On the Road to Semantics
By the mid-1990s, the computing community as a whole was falling in love with the idea of metadata, a way of providing Web pages with computer-readable instructions or labels that would be invisible to human readers.
To use an old metaphor, imagine the Web as a highway system, with hyperlinks as connecting roads. The early Web offered road signs readable by humans but meaningless to computers. A human might understand that “FatFelines.com” referred to cats, or that a link led to a veterinarian’s office, but computers, search engines, and software could not.
Metadata promised to add the missing signage. XML–the code underlying today’s complicated websites, which describes how to find and display content–emerged as one powerful variety. But even XML can’t serve as an ordering principle for the entire Web; it was designed to let Web developers label data with their own custom “tags”–as if different cities posted signs in related but mutually incomprehensible dialects.

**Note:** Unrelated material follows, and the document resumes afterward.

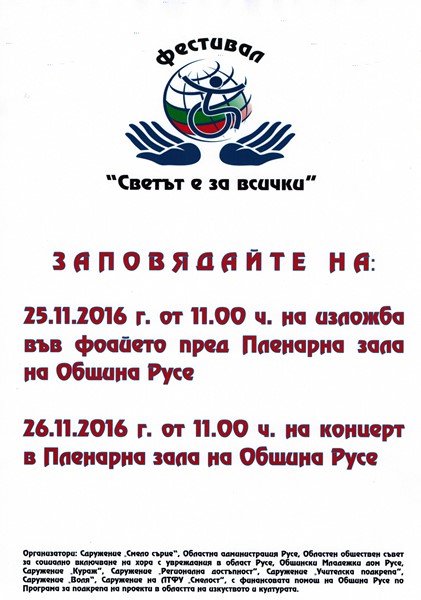 В дните, 25 и 26 ноември 2016 г. в Русе ще се проведе за осми път фестивалът „Светът е за всички“.

In early 1996, researchers at the MIT-based World Wide Web Consortium (W3C) asked Miller, then an Ohio State graduate student and OCLC researcher, for his opinion on a different type of metadata proposal. The U.S. Congress was looking for ways to keep children from being exposed to sexually explicit material online, and Web researchers had responded with a system of computer-readable labels identifying such content. The labels could be applied either by Web publishers or by ratings boards. Software could then use these labels to filter out objectionable content, if desired.
Miller, among others, saw larger possibilities. Why, he asked, limit the descriptive information associated with Web pages to their suitability for minors? If Web content was going to be labeled, why not use the same infrastructure to classify other information, like the price, subject, or title of a book for sale online? That kind of general-purpose metadata–which, unlike XML, would be consistent across sites–would be a boon to people, or computers, looking for things on the Web.